Священник не поправляет мистера Брукса касательно источника его ссылки. Кроме того, он ощущает у него полное отсутствие интереса к их разговору.
– Но вы же не просто убрали письма в ящик?
– Ну, я поспрашивал кое-где. И спросил Фреда, не знает ли он чего.
– А кто такой этот мистер Уинн?
Уинн оказывается суконщиком, который живет дальше по железной дороге в Блоксуиче. У него есть сын, который учится в уолсоллской школе вместе с сыном Брукса. Каждое утро они встречаются в поезде и обычно возвращаются вместе. Некоторое время назад – Брукс не уточняет, когда именно, – сын Уинна и Фред разбили окно в вагоне. Оба поклялись, что разбил его мальчик по фамилии Спек, а потом железнодорожное начальство решило не подавать в суд. Случилось это за несколько недель до того, как пришло первое письмо. Быть может, тут была какая-то связь. Быть может, нет.

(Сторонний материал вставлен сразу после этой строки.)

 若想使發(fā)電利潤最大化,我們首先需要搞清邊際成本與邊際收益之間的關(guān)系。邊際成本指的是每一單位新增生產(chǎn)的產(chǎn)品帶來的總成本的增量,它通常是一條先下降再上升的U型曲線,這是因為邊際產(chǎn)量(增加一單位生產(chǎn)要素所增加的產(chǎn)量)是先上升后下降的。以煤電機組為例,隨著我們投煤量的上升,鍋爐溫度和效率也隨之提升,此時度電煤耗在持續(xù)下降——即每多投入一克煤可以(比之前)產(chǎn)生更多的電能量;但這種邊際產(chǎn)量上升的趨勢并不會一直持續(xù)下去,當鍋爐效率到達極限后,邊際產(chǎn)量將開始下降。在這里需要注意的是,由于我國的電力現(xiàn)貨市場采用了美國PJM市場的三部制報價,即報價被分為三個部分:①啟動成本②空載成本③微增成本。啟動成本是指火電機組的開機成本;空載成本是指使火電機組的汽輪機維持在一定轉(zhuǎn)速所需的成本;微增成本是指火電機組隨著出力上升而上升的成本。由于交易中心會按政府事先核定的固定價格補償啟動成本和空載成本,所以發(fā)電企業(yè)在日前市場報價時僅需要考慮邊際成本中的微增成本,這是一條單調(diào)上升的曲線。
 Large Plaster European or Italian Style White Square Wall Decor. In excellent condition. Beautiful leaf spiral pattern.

Теперь священник понимает отсутствие у Брукса всякого интереса к делу. Нет, торговец скобяным товаром не знает, кто такой Спек. Нет, мистер Уинн никаких писем не получал. Нет, сын Уинна и сын Брукса с Джорджем не дружат. В последнем вряд ли есть что-то неожиданное.
Сапурджи перед ужином рассказывает Джорджу про этот разговор и добавляет, что это его подбодрило.

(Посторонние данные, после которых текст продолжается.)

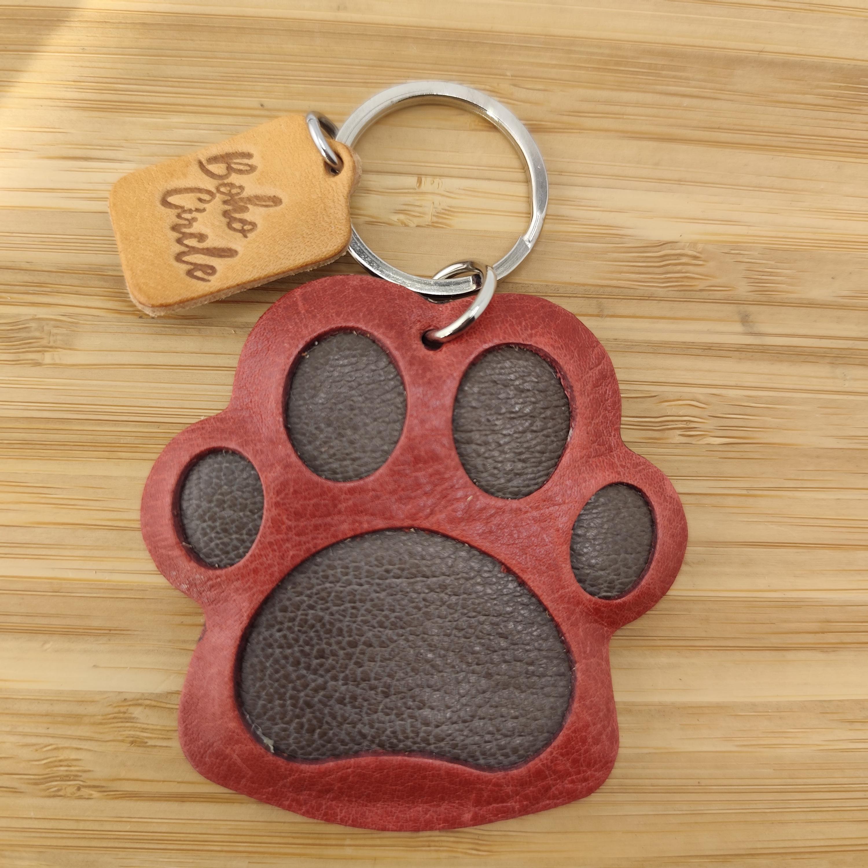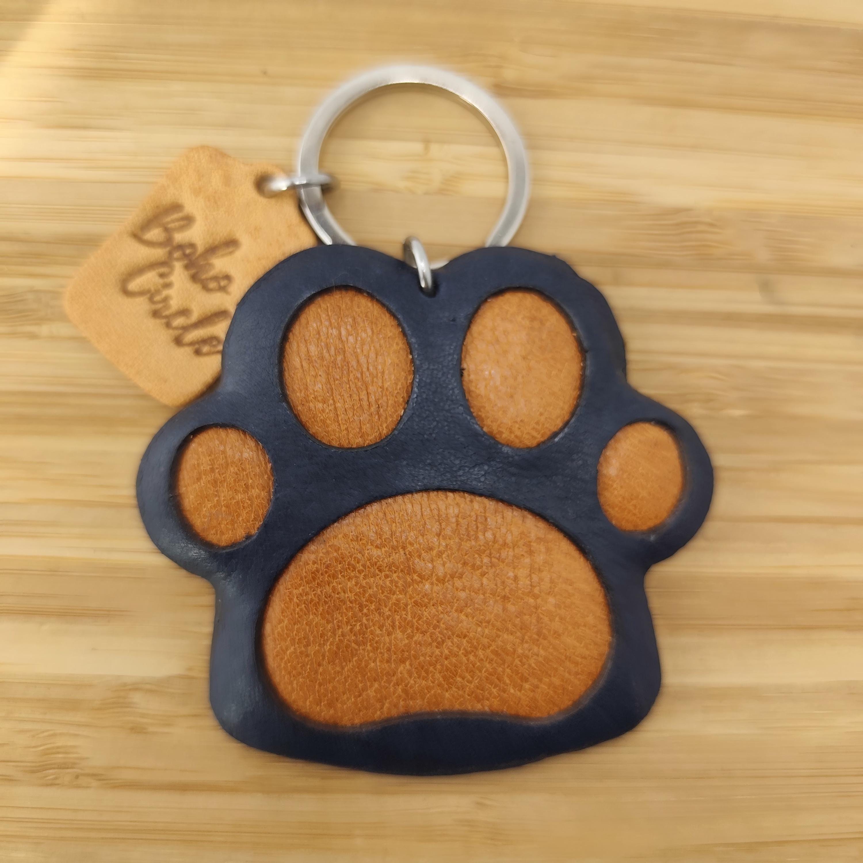 Keep your furry friend close with this beautiful, hand-cut leather paw print keyring. Available in several rich, two-tone colour combinations, this charm is a stylish way to celebrate your dog, cat, or any beloved pet. It makes a heartfelt pet memorial or a perfect gift for any dog mum or cat dad!

– Почему это вас подбодрило, отец?
– Чем больше людей оказывается замешано, тем вероятнее, что негодяй будет обличен. Чем больше людей он преследует, тем вероятнее, что он допустит ошибку. Ты что-нибудь знаешь про этого мальчика? Про Спека?

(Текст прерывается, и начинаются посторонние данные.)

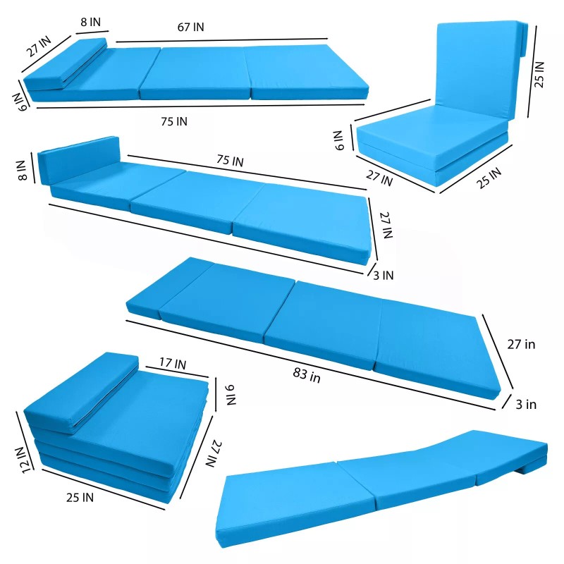 • Flat dimensions of folding out bed:  3 in Thick x 27 in Wide x 83 in Long.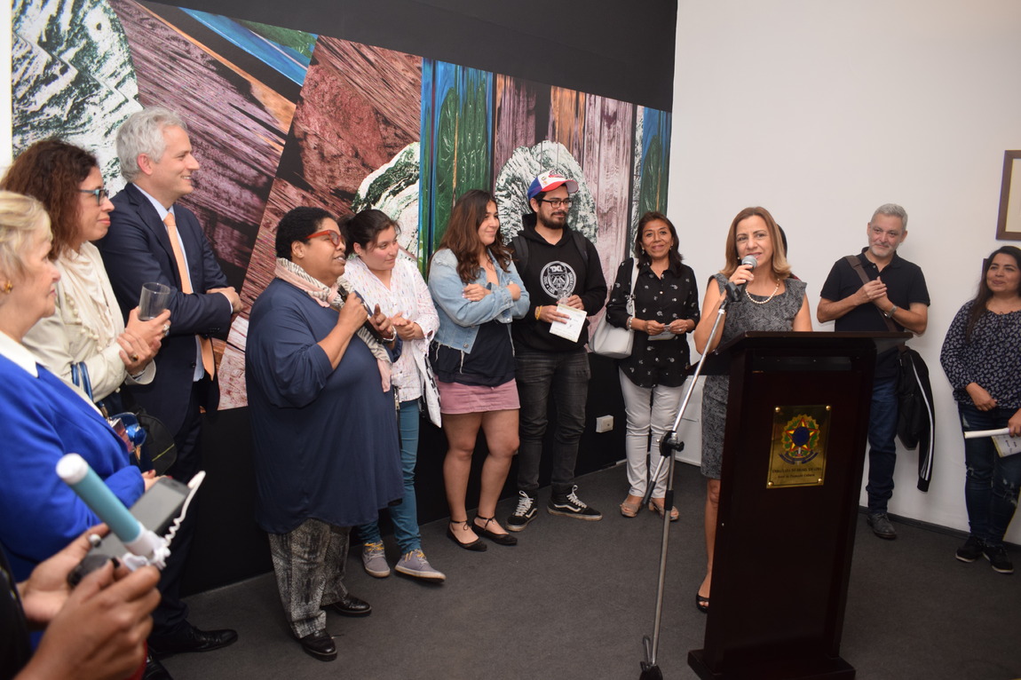 Artista y Profesora de arte Sra. Olga Flores (PUCP), Sra. Rozenilda Falcão - Directora del Centro Cultural Brasil-Perú (CCBP), Sra. Raquel Pires-Secretaria del Sector Cultural de la Embajada de Brasil en Lima y el Ministro Sr. Elio Cardoso.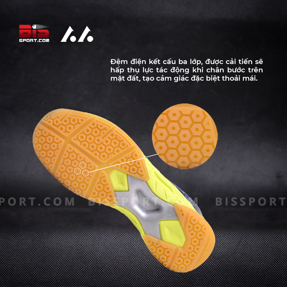 Đệm chống trượt hình lục giác: Đệm điện với cấu trúc hỗn hợp ba lớp được cải tiến sẽ hấp thụ lực tác động khi đôi chân chạm đất, khiến bạn thoải mái bật lên cao. Năng lượng tác động hấp thụ sẽ chuyển thành lực bật lại bước tiếp theo của bạn.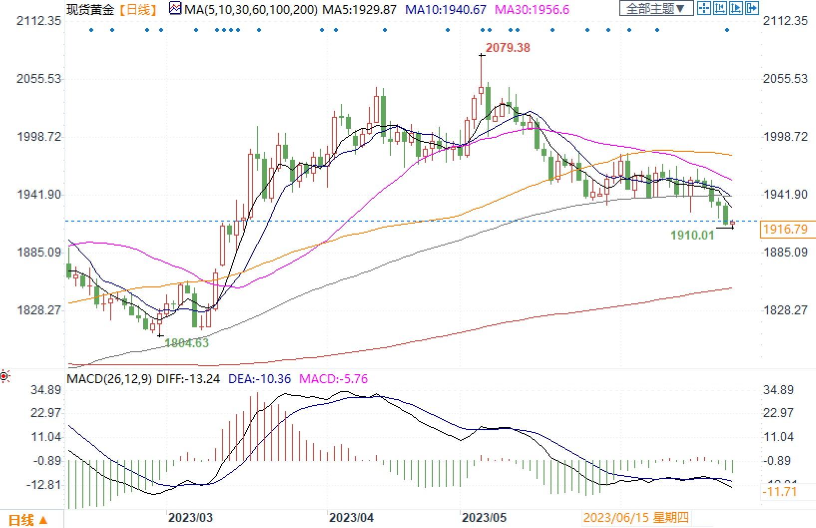 鲍威尔周四作证后,黄金市场触及三个月低点1922.60美元,美联储关注的是服务行业的通胀和紧张的劳动力市场。

– Спек? Нет, я его не знаю. – Джордж качает головой.
– И преследование Бруксов подбодрило меня еще в одном отношении. Оно доказывает, что тут не просто расовое предубеждение.
– Разве это хорошо, отец? Если вас ненавидят не по единственной причине?
Сапурджи улыбается про себя. Эти вспышки интеллекта у кроткого мальчика, который так часто замыкается в себе, всегда его радуют.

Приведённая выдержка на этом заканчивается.